We consider in the following example an input tensor with shape \(B, C_{in}, W_{in}\), where \(B\) is the batch size equal to 1, \(C_{in}\) is the number of channels equal to 2, or features, and \(W_{in}\) is the width equal to 5, i.e. the number of elements per channel,

input = torch.ones(1, 2, 5)

and a specification of neighbors as an indices tensor with shape \(K, W_{out}\), where \(K\) is the size of the convolution kernel equal to 3 and \(W_{out}\) equal to 4 is the number of elements per channel in the output

indices = torch.tensor([[ 0, 0, 3, 4],
                        [ 1, 2, 4, 0],
                        [ 2, 3, 0, 1]])

where values, arbitrarily chosen in this example, represent the indices of 4 neighborhoods of size 3 (i.e. neighborhoods are laid out along columns). The number of columns corresponds to the number of neighborhoods, i.e. dot products, that will be computed during the matrix multiply, hence they correspond to the size of the output per channel.

The weight tensor describing the convolution kernels has shape \([C_{out}, C_{in}, K]\), where \(C_{out}\) equal to 3 is the number of channels, or features, in the output. The bias is a column vector of size \(C_{out}\).

weight = torch.ones(3, 2, 3)
bias = torch.zeros(3)

At this point we can proceed to use advanced indexing to build the column matrix according to indices.

col = input[..., indices]

Here we are indexing a \(B, C_{in}, W_{in}\) tensor with a \(K, W_{out}\) tensor, but the indexing operation has to preserve batch and input channels dimensions.
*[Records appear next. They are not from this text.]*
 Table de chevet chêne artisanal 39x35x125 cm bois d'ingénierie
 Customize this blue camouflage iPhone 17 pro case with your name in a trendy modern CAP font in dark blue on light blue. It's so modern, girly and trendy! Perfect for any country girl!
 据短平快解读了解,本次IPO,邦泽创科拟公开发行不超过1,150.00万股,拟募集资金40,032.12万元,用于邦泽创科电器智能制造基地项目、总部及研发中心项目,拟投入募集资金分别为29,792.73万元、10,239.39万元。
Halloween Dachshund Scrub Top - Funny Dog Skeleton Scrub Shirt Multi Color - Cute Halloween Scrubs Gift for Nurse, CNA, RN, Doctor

To this end, we employ the ellipsis notation \(...\), which prescribes indexing to be replicated over all dimensions except the last. This operation produces a tensor shaped \(B, C_{in}, K, W_{out}\), i.e. \(1, 2, 3, 4\).
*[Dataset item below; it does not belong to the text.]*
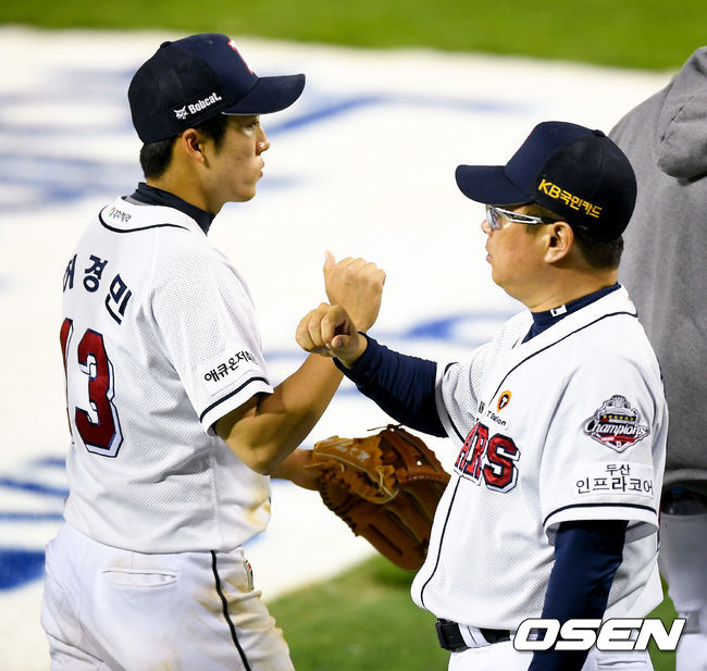 두산 베어스의 김태형 감독이 승리를 이끈 선수들의 활약에 박수를 보냈다.
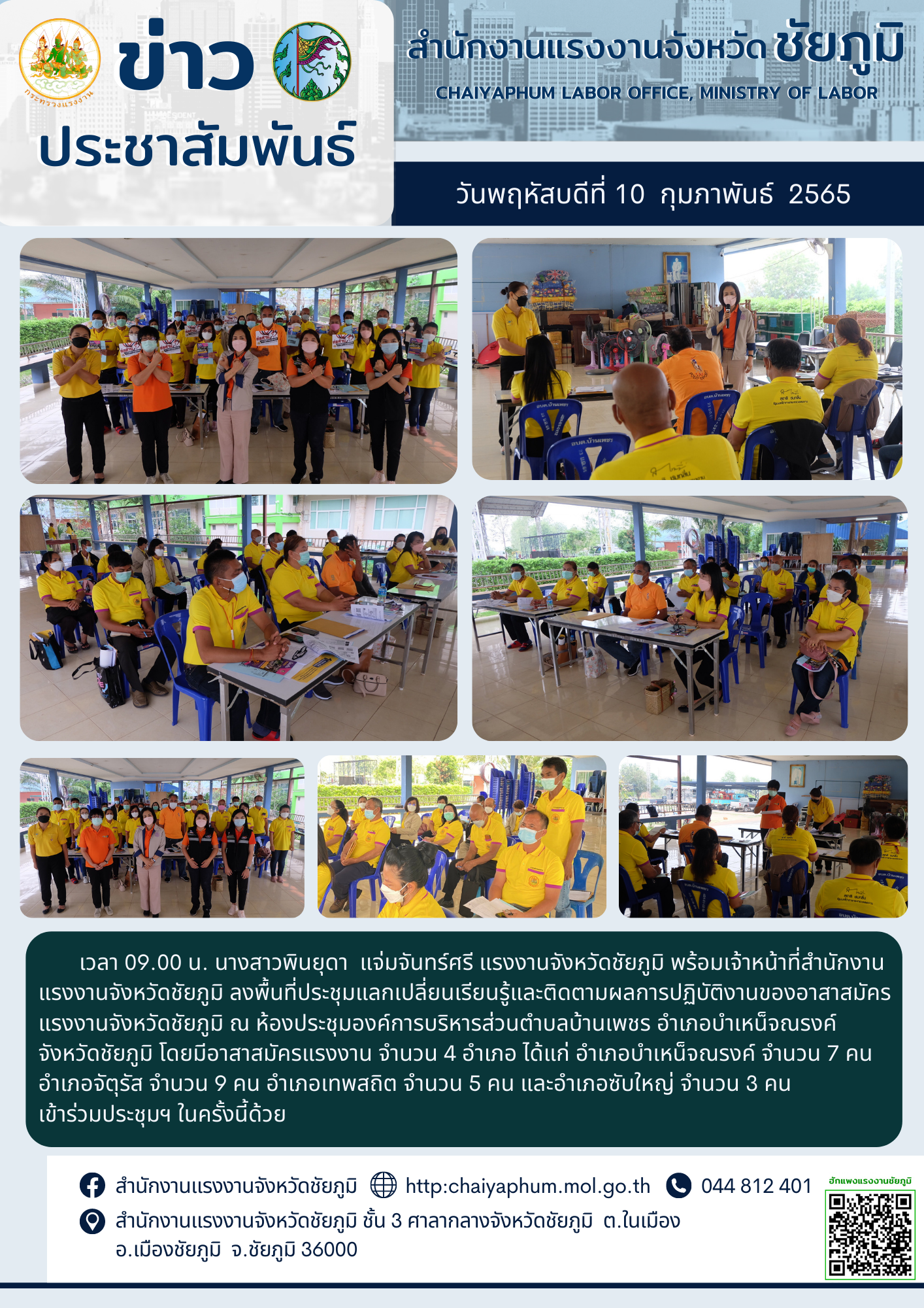 แรงงานจังหวัดชัยภูมิ ลงพื้นที่ประชุมแลกเปลี่ยนเรียนรู้และติดตามผลการปฏิบัติงานของอาสาสมัครแรงงานจังหวัดชัยภูมิ

As noted above, the column matrix needs values from neighborhoods for all input channels concatenated along individual columns. This is achieved by reshaping the col tensor so that \(C_{in}\) and \(K\) dimensions are concatenated:

B = input.shape[0]
W_out = indices.shape[1]

col = col.view(B, -1, W_out)

The columns in the col tensor are now a concatenation of 3 values (the size of the kernel) per input channel, resulting in a \(B, K \cdot C_{in}, W_{out}\). Note that the col tensor is still organized in batches.
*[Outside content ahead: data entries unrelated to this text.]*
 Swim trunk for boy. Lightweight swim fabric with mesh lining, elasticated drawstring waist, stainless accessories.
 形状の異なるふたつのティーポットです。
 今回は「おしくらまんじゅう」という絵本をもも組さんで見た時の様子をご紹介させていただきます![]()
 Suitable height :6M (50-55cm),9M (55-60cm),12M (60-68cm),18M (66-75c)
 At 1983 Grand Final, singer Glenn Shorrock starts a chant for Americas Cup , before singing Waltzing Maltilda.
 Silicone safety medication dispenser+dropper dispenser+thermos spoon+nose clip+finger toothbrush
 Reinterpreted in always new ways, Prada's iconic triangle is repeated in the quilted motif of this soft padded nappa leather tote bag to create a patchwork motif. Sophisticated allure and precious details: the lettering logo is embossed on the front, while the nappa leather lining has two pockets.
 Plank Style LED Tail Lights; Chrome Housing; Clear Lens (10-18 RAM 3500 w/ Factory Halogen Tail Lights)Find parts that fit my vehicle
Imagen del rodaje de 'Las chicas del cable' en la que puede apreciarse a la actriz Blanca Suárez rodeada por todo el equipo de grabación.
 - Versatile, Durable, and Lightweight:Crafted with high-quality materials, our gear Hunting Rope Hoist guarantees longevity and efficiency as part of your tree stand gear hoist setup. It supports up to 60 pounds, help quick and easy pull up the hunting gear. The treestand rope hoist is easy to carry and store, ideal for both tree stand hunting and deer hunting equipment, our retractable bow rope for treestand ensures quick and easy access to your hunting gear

At this point, weights must be arranged so that weights from different channels are concatenated along columns as well:

C_out = weight.shape[0]
weight_col = weight.view(C_out, -1)

which leads from a \(C_{out}, C_{in}, K\) to a \(C_{out}, K \cdot C_{in}\) tensor.

Multiplying the weight_col and col matrices will now perform the vectorized dot product corresponding to the convolution:

out = torch.matmul(weight_col, col)

Note that we are multiplying a \(C_{out}, K \cdot C_{in}\) tensor by a \(B, K \cdot C_{in}, W_{out}\) tensor, to obtain a \(B, C_{out}, W_{out}\) tensor. In this case, the \(B\) dimension has been automatically broadcast, without extra allocations.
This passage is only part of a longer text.